Religious services are designed to pull people together, to congregate, to commune, to pray. They’re held in sanctuaries — safe spaces. But for all of the good intent, that can be dangerous. Passing the collection plate is safer online than in person, where it goes hand to hand through the pews.

You saw the story about the choir in Washington state that met for a rehearsal and gave the new coronavirus space to run? Sixty members of the Skagit Valley Chorale showed up for practice March 6. Three weeks later, 45 had been diagnosed with COVID-19 or were sick with some of the symptoms. Two had died.
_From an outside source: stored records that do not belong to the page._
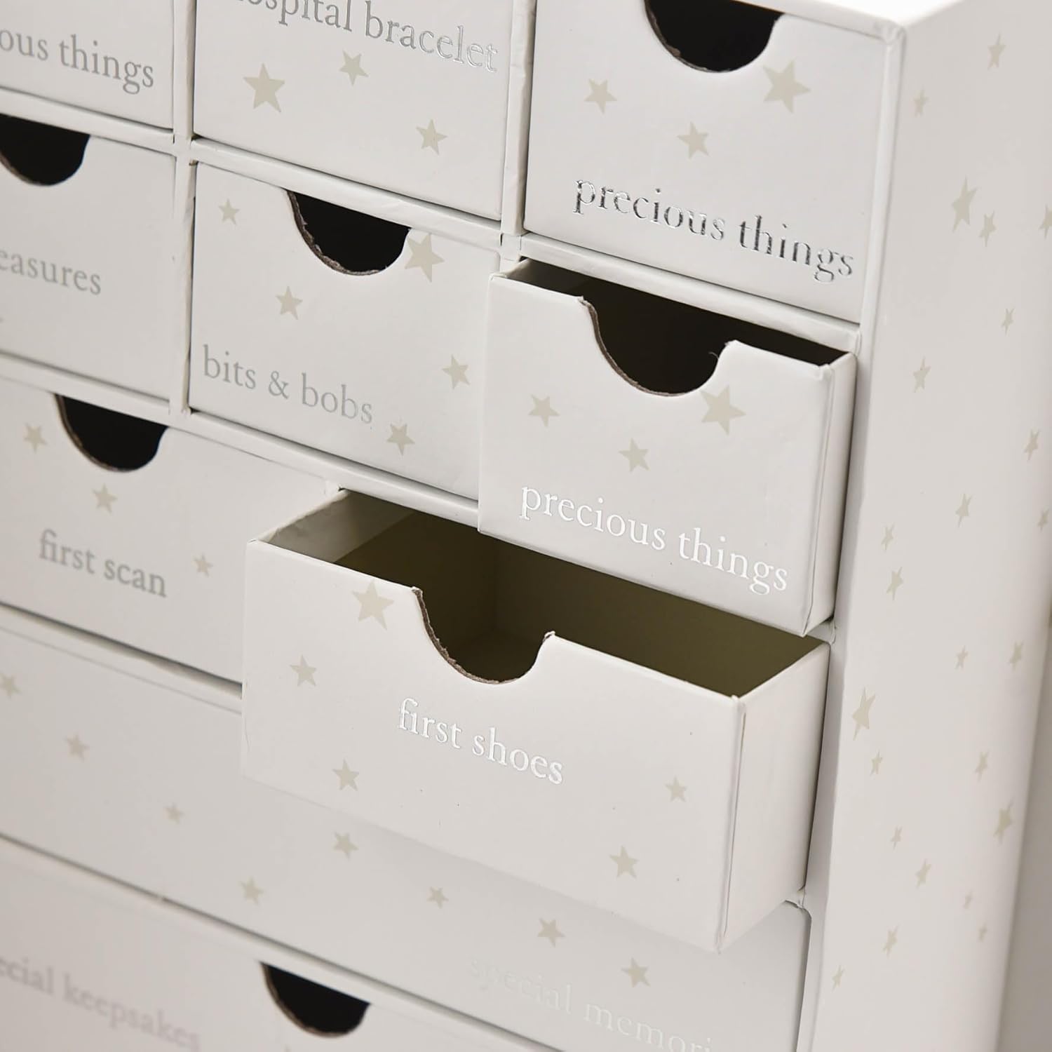 Capture precious memories with the keepsake box from Bambino by Juliana. Crafted with an ivory finish, it features a delightful 'Twinkle Twinkle Little Star' decal adorned with printed pram, teddy bear and rocking horse icons for an extra touch of whimsy. Open the box and discover ten individually labelled drawers finished off with an ivory satin bow closure. This treasurable keepsake box provides beautiful organisation to store your most cherished new born mementos. Total product dimensions are: Height - 11.2", Width - 9.1", Depth - 3.7".
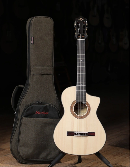 The Martinez M-POP Standard Series Solid Top 3/4 Size Classical Nylon String Acoustic Guitar is a practical choice for younger players, travellers or anyone wanting a more compact nylon-string acoustic. Its 580mm scale length gives it an easy, comfortable feel, while the solid spruce top helps deliver a clear, lively response with more depth than you might expect from a smaller body. Sapele back and sides add warmth and balance, with a purple heart fingerboard and Santos rosewood bridge rounding out the build. The included gig bag makes it easy to take to lessons, school or casual playing on the go.
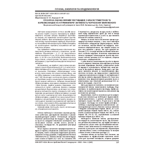 «Вістник проблем біології і медицини» Випуск 1 (163), 2022 рік , 107-112 сторінки, код УДК 632.95:631.445.4
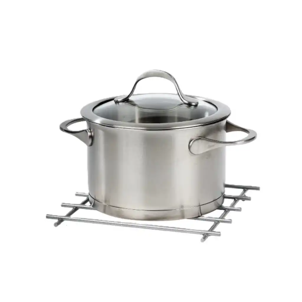 Modern tasarımıyla dikkat çeken bu yanmaz paslanmaz çelik nihale, yüksek ısıya dayanıklı yapısı sayesinde sıcak tencerelerinizi, tavalarınızı ve çaydanlıklarınızı güvenle tezgâh üzerine koymanıza olanak tanır. Krom renkli dış yüzeyi mutfak dekorasyonuna şıklık katarken, paslanmaz çelik malzemesi sayesinde uzun ömürlü kullanım sağlar. 20x20 cm boyutundaki kare formu, hem büyük hem küçük kaplar için ideal bir kullanım alanı sunar. Alt kısmındaki silikon kaydırmaz ayaklar sayesinde yüzeye zarar vermez ve kaymayı önler. Hem işlevsel hem de estetik açıdan mutfakta vazgeçilmez bir yardımcıdır.
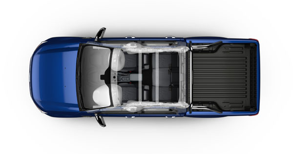新一代Ranger還提供各種被動安全技術,這些技術和安全氣囊的配置因不同車型而異。部分車型首次配備側邊氣囊,它可以在發生側面撞擊時從頂棚打開,保護外側乘客的頭部。該氣囊覆蓋A柱至C柱之間的上部結構與玻璃,從而保護前後兩排的乘客。
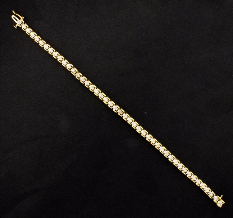 In 10K yellow gold, contains 1/2 ct TW of diamonds and is 7 1/4 inches long. It has a safety clasp as well. 9.2g
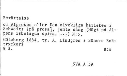 //// Berättelse //// om Alprosen eller Den olyckliga kärleken i Schweitz [på prosa], jemte sång (Högt på Alpens isbelagda spira, ...) N:6. //// Göteborg 1884, tr. A. Lindgren & Söners Boktryckeri //// 8 s. 8:0 //// SVA A 39 ////

This isn’t America’s first pandemic. Some of the state’s leaders seem to have forgotten — if they ever knew — what happened before.

Billy Sunday, like some of his current-day counterparts, wanted to gather his congregants. And he had fewer options for drawing a crowd than modern preachers, whose audiences have mobile phones, computers, televisions and other tools of mass communications.

Modern leaders might bear that in mind as they try to honor religious freedoms and rights, while also trying to keep Texans alive and healthy enough to keep praying for years to come.

In spite of his determination to defy the advice of the public health experts of his day, Sunday did recognize a difference between faith and attendance at a place of worship.

“Going to church doesn't make you a Christian,” Sunday said, “any more than going to a garage makes you an automobile.”